- Born: 1952 Yorkshire, UK
- Education: Queen Elizabeth College
- Scientific career
- Workplaces: University of Warwick, King's College London
- Thesis: Heterotrophic growth and metabolism of the facultative autotroph Thiobacillus A2 (1977)
- Academic advisors: Donovan Kelly

= Ann P. Wood =

Microbiologist

Ann Patricia Wood (born 1952) is a retired British biochemist and bacteriologist who specialized in the ecology, taxonomy and physiology of sulfur-oxidizing chemolithoautotrophic bacteria and how methylotrophic bacteria play a role in the degradation of odour causing compounds in the human mouth, vagina and skin. The bacterial genus Annwoodia was named to honor her contributions to microbial research in 2017.

== Education and career ==
Wood earned her Ph.D. in 1977 from Queen Elizabeth College working on the growth of Paracoccus versutus strain A2 (then "Thiobacillus sp. A2"). Wood worked at the University of Warwick from the mid-1970s until the late 1980s and then King's College London as a Lecturer and Senior Lecturer from June 1991 to August 2015 when she retired. Wood was a member of the editorial board of Archives of Microbiology.

== Research ==
Wood's post-2000 work is associated with odours in the mouth, work that was covered in the popular press. She has also examined the link between odours in the feet, as well as the bacteria in bacterial vaginosis and periodontitis. She has also investigated the presence and role of methylotrophic bacteria in the natural world, including as symbionts of Thyasira flexuosa Montagu and living in association with Tagetes erecta L. These natural settings have included such places as the River Thames, thermal sulfur springs, and in Antarctica. Beyond studying the presence and effect of methylotrophs and sulfur oxidizing bacteria, she looked at their metabolism, taxonomy and diversity/

Wood's research on microbial use of one-carbon organic compounds that contain sulfur was reviewedin a 2018 publication, which named two metabolic pathways after Wood: the Padden-Wood pathway based on work with Xanthobacter tagetidis, an organism able to grow on substituted thiophenes, and the Borodonia-Wood pathway based on microbial growth on dimethylsulfone and dimethylsulfide in Hyphomicrobium sulfonivorans.

== Taxa named by Wood ==

The genera Acidithiobacillus and Thermithiobacillus of the class Acidithiobacillia, Halothiobacillus of the class Gammaproteobacteria and Starkeya of the Alphaproteobacteria, all in the phylum Pseudomonadota

The species Annwoodia aquaesulis (originally Thiobacillus aquaesulis) of the Betaproteobacteria; the species Methylorubrum podarium (originally Methylobacterium podarium), Methylorubrum thiocyanatum (originally Methylobacterium thiocyanatum), Hyphomicrobium sulfonivorans and Xanthobacter tagetidis of the Alphaproteobacteria; the species Guyparkeria halophila (originally Thiobacillus halophilus and later Halothiobacillus halophilus) of the Gammaproteobacteria, all in the phylum Pseudomonadota.
The species Pseudarthrobacter sulfonivorans (originally Arthobacter sulfonivorans) and Arthrobacter methylotrophus of the Actinomycetota in the phylum Actinomycetota.

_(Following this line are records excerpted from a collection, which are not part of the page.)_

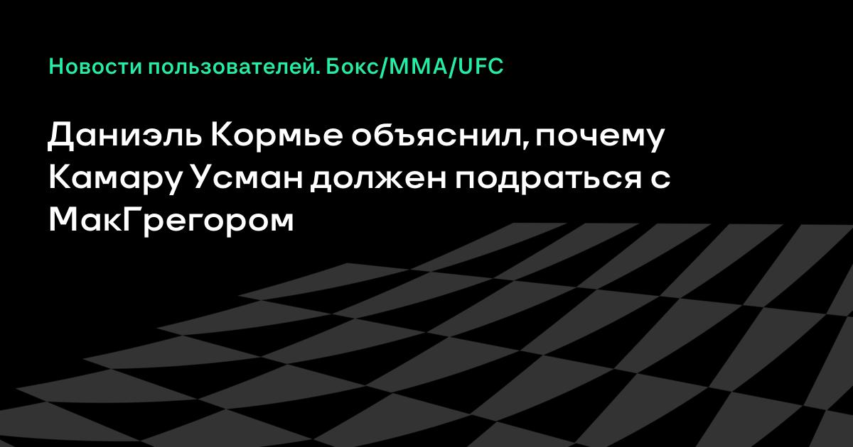 Легенда ММА Даниэль Кормье считает, что действующий чемпион UFC в полусреднем весе Камару Усман обязан рассмотреть возможность провести бой со скандальным ирландцем Конором МакГрегором, который на днях пообещал фанатам завоевать пояс в 170-фунтах.
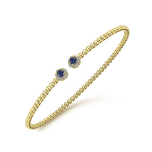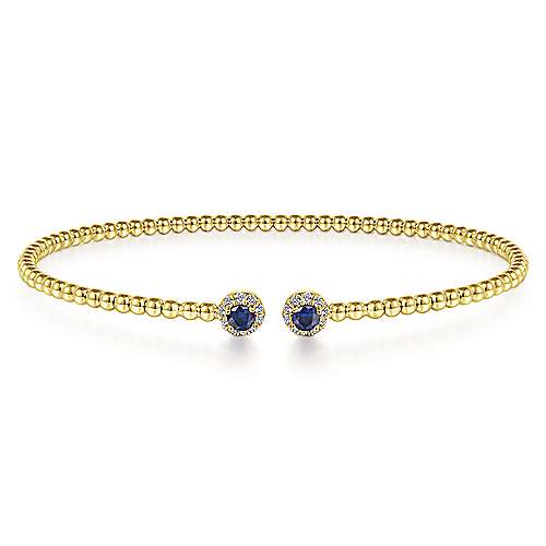 14K Yellow Gold Bujukan Bead Split Cuff Bracelet with Sapphire and Diamond
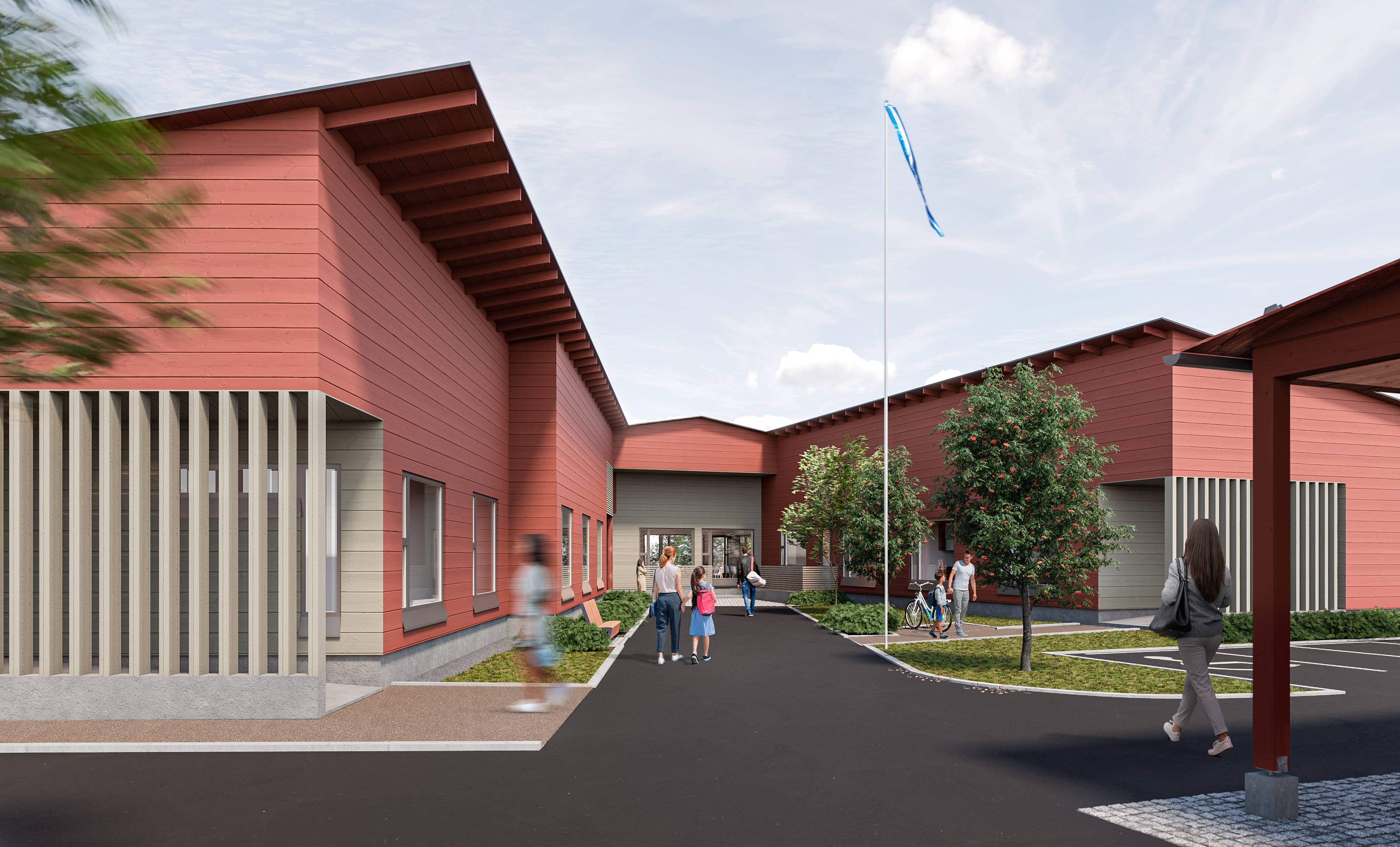 Hoivarakentajat - hirsirakenteinen Humana Mesikämmen, havainnekuva julkisivu.
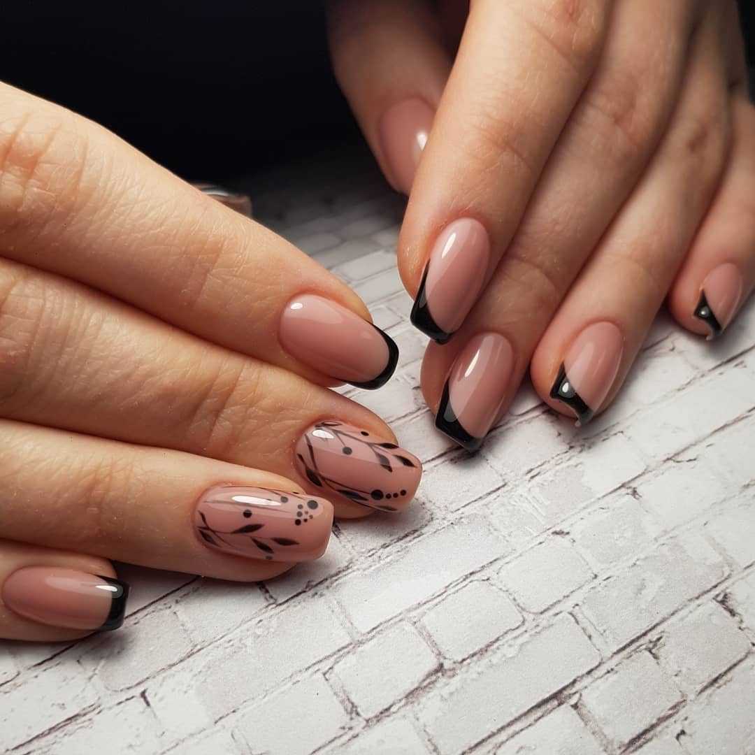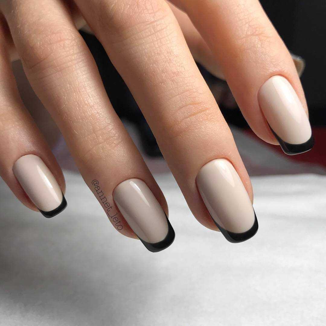 Асимметрия — это возможность сделать привычный маникюр с черной каймой более стильным и индивидуальным. Скошенная линия улыбки отлично вписывается в дизайн с геометрией или черно-белым мрамором.
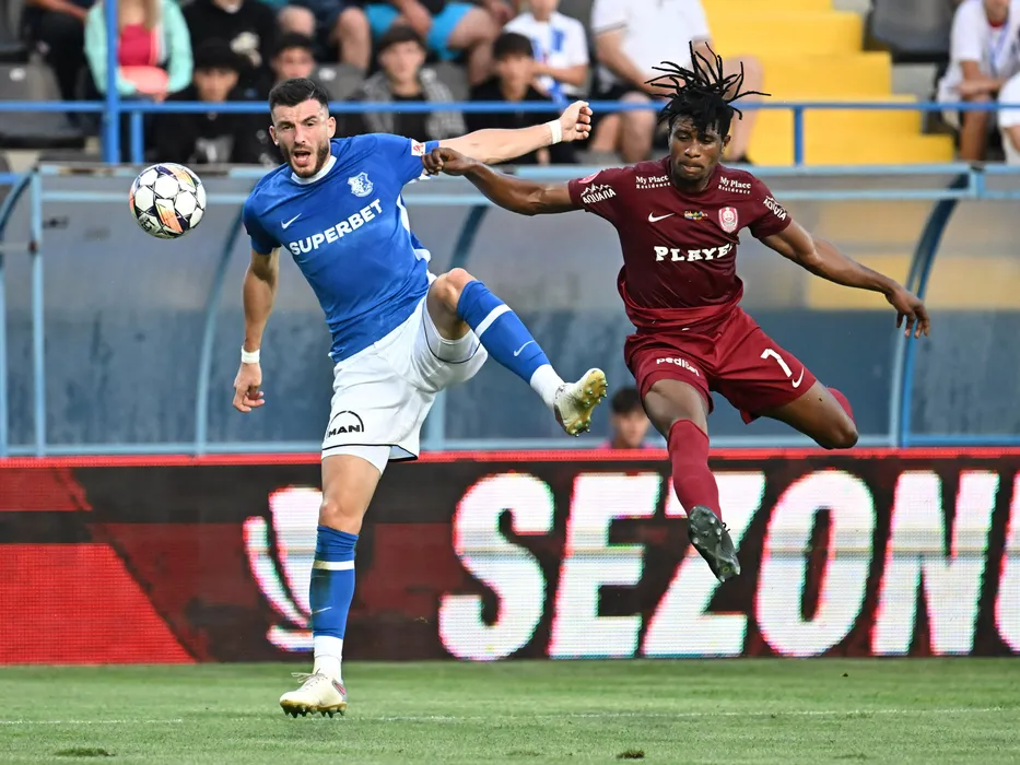 Mihai Popescu si Mohammed Kesselly Kamara in meciul de fotbal dintre Farul Constanta si CFR Cluj, contand pentru Superliga Superbet, desfasurat pe Stadionul central al Academiei Gheorghe Hagi din Ovidiu, duminica 1 septembrie 2024. © FOTO:Razvan Pasarica/SPORT PICTURES

== Selected publications ==
- Beller, Harry R. (2006). "The Genome Sequence of the Obligately Chemolithoautotrophic, Facultatively Anaerobic Bacterium Thiobacillus denitrificans"
- Kelly, Donovan P. (1997). "Oxidative metabolism of inorganic sulfur compounds by bacteria"
- Wood, Ann P. (2004). "A challenge for 21st century molecular biology and biochemistry: what are the causes of obligate autotrophy and methanotrophy?"
- Kelly, D P (2000). "Reclassification of some species of Thiobacillus to the newly designated genera Acidithiobacillus gen. nov., Halothiobacillus gen. nov. and Thermithiobacillus gen. nov."

== Honors and awards ==
In 2017, the bacterial genus Annwoodia was named in honor of the contributions made by Wood, including her description of the type species Annwoodia aquaesulis, originally described as a member of the genus Thiobacillus, and her "significant contributions to the taxonomy of the ‘sulfur bacteria’ and methylotrophic "Proteobacteria" [now Pseudomonadota], their physiology and ecology".